Me, on the other hand, I’m a green kinda girl. I drive a hybrid and in order to reduce my carbon footprint, I don’t just throw sauce away, willy-nilly. I’m not gonna feel guilty about starving kids in Africa because I don’t waste my béarnaise, thank you very much. I appreciate my sauce and I show my gratitude by finishing it.
“Ummm, Cristy. Doesn’t A-1 Sauce have an awful lot of sodium in it?” Pudding Girl picks the bottle up off the table and examines the label. “Omigod! There’s like 280 mg per serving.”

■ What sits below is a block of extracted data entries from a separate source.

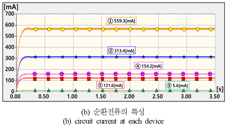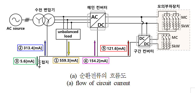 불평형 부하에 의한 순환전류($I_{unbal}$)는 그림 3과 같이, 대부분의 전류($I_{trans}$)가 변압기의 중성선을 통하여 흐르게 되지만, 일부 전류는 접지선을 따라 DC 측의 메인 컨버터와 구간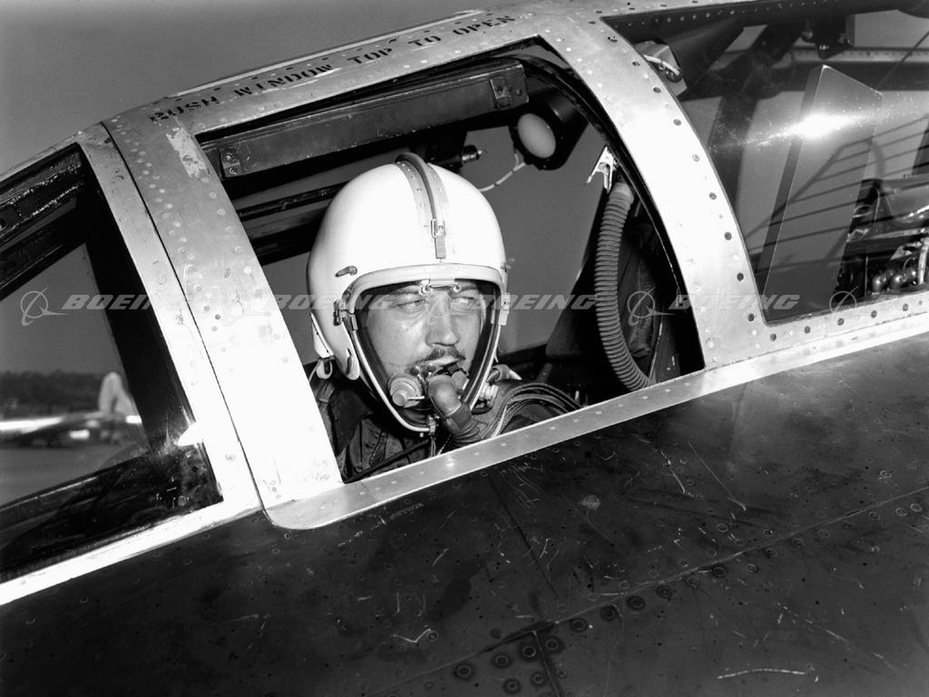 Legendary Boeing test pilot A. M. "Tex" Johnston in the cockpit of the YB-52. Johnston made a name for himself when he rolled the prototype 707 jetliner -- not once, but twice on its initial public display.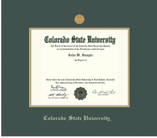 Colorado State University Diploma - BA (10/10 to Present)/MA/PhD Frame with Medallion and Green and Gold Double Mat and Gold Embossing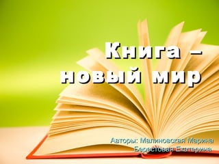 Книга под названием 'Новый мир' обсуждает важность чтения и его влияние на развитие мышления и творчества. Авторы подчеркивают, что книги помогают понять психологию, учат этикету и обогащают наш внутренний мир, позволяя нам погружаться в атмосферу различных эпох. Чтение способствует духовному и эмоциональному развитию, радует разнообразием сюжетов и персонажей.

“How big’s a serving?” Molly pipes in, shivering.
“A tablespoon.” Pudding Girl eyes my bowl, fear clouding her face. “There’s gotta be at least ten tablespoons in there. Lord, that works out to…to…”
“2800 mg of sodium,” Molly pipes up helpfully, smirking as though she just won the Mathletes award. Yeah, ’cause multiplying stuff by ten is soooooo hard. Puleeze! “Girl, you’re a walking heart attack. Do you know that the recommended daily allowance of sodium is only 2400 mg.” When did she become a freaking nutritional chart? She’s only a Tier 3 dinner guest. She’s got the intellectual curiosity of George W. Bush.
Okay, no. I didn’t. But it’s not like I do it every day. And I’m sure that this whole “recommended daily allowance” thing is averaged. If I hit the sauce hard one day, I’ll just eat plain broccoli for the next two days. Still, Molly didn’t stare at my waistline when she said it.
“Yeah, but how many calories does it have?” I snipe back. I know I’ve won here. Wresting the bottle from Pudding Girl’s hand, I examine the nutritional content chart, then crow loudly, “Ha! Only 15 calories. This bowl of A-1 has fewer calories than that giant spoon of caramel-drenched ice cream you’re about to shovel into your mouth, Molly.” Gotcha there, you three-nippled wench.
Dropping her spoon with a clink that warms my heart, Molly offers me a tight smile. Then, it’s as if the proverbial cartoon light bulb clicks on above her head and she basks quietly in its smug glow. “True, but sodium makes you retain water,” she says slyly, then glances at my waist.
If you’d like the recipe for Molly’s A-1 braised fingertips, just shoot me an email.